Late last month, a Manhattan judge ordered the New York City Police Department to release documentation about the department’s use of secretive and highly controversial “predictive policing” surveillance technology, scoring a win for advocates of transparency on police policy. The documents came to light as part of a lawsuit against the city filed by the Brennan Center for Justice, a New York-based policy institute.
Little is known about how the largest domestic police force in the United States uses crime forecasting software, which works through analysis of historical crime data like arrest records, incident reports, gang documentation, and “stop and frisk” encounters to generate individual or geographic predictions of crime. In July 2015, then-NYPD Commissioner Bill Bratton branded predictive policing as “the wave of the future” and entered into a trial program with at least one predictive policing company, the Philadelphia-based Azavea.
“The ‘Minority Report’ of 2002 is the reality of today. There are no secrets.”
“The ‘Minority Report’ of 2002 is the reality of today,” said Bratton. “There are no secrets. There are none. If two people share a piece of information, it is no longer secret.”
While Azavea’s pilot program with the NYPD was publicly announced, documents obtained by the Brennan Center through its lawsuit and shared with The Intercept show two more companies were brought in to try out their crime forecasting approaches — the Bronxville, New York-based KeyStat Inc. and PredPol, a Santa Cruz, California-based company. PredPol has positioned itself as an early market leader in predictive policing with a highly publicized — but dubiously effective — geographic prediction model derived from battlefield research in Iraq. All three companies were granted 45-day trials to show the NYPD what their predictive policing software could do.
The original request for documentation was filed by the Brennan Center in June 2016 under New York’s Freedom of Information Law. After the NYPD rejected the initial request and subsequent appeal, the Brennan Center filed suit on August 30, 2017. The NYPD is notorious for its intransigence on open records requests from the press and the public, particularly concerning documentation about the department’s extensive use of surveillance technology. In recent years, lawsuits have been filed to disclose information about the department’s network of surveillance cameras, its use of X-ray scanners in public, and the deployment of facial recognition technology.

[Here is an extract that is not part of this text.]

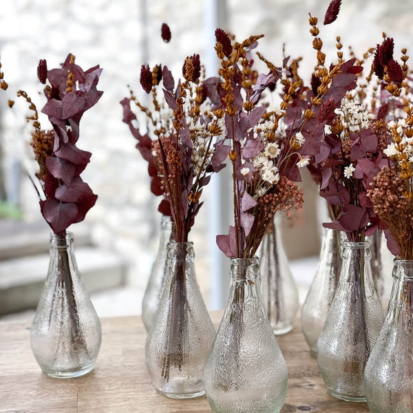 - Trockenblumen: Lavendel, Broom Bloom, Glixia, Eukalyptus, Phalaris

In a December 22, 2017, order, Judge Barbara Jaffe rejected the NYPD’s arguments that disclosure of documentation related to the forecasting trials was exempt due to laws in New York that allow the government to shield investigative and trade secrets. “That the venders entered into nondisclosure agreements with NYPD does not prove that disclosure would cause substantial injury to any of the vendors’ competitive position,” Jaffe wrote in her order.
Jaffe also rejected the NYPD’s argument that disclosure of training and output data from its predictive policing trials would endanger the department’s computer security. She mandated the production of notes on the predictive policing system maintained by Dr. Evan Levine, the NYPD’s assistant commissioner of data analytics.
“Absent expert advice that the disclosure of the output data and Levine’s notes would jeopardize the NYPD’s capacity to guarantee the security of its information assets, respondents fail to sustain their burden as to the applicability of this exemption to such data and notes,” the order reads.
The Brennan Center will also file a new freedom of information request to obtain the source data used by the NYPD companies to train the department’s current, in-house predictive policing algorithm. In other cities, researchers have used such information to re-engineer crime forecasting programs, revealing that they disproportionately impact communities of color.
The release of the documents will be the public’s first chance to learn about the NYPD’s application of the crime forecasting program in day-to-day police work.
Rachel Levinson-Waldman, a staff attorney at the Brennan Center who filed the original freedom of information request, said in an interview that the release of the documents thanks to the court’s decision will be the public’s first chance to learn about the NYPD’s application of the crime forecasting program in day-to-day police work. Even though the NYPD ended up building its own in-house predictive policing algorithm, the release of correspondence and training data from its trials with KeyStat, PredPol, and Azavea will still offer insight into the department’s objectives.
“One reason it’s important to get those materials, even though NYPD built own predictive policing program, is it tells us a lot in terms of what NYPD wanted to accomplish,” Levinson-Waldman said.
“The Domain Awareness System is a network of surveillance technology that covers all of New York City, especially Manhattan,” said Levinson-Waldman. “It has nothing to do with predictive policing.”
Moreover, even if the Domain Awareness System’s guidelines are the governing regulations for the NYPD’s predictive policing program, the department has never conducted an audit of the software, as required by the policy. “We didn’t receive any audits in response to our record request, which seems incredibly inappropriate since this program has been in place for several years,” said Levinson-Waldman.
The NYPD did not respond to requests for comment on Jaffe’s decision or the department’s oversight of its use of crime forecasting software.
The disclosure of information about the NYPD’s crime forecasting initiatives comes at a moment of increased scrutiny for the surveillance programs of the country’s largest police department. Late last year, the city council passed legislation to create a task force charged with reviewing municipal programs that used algorithms or machine learning for decision-making. A separate bill would have established a transparency and public comment process for the NYPD’s acquisition of surveillance.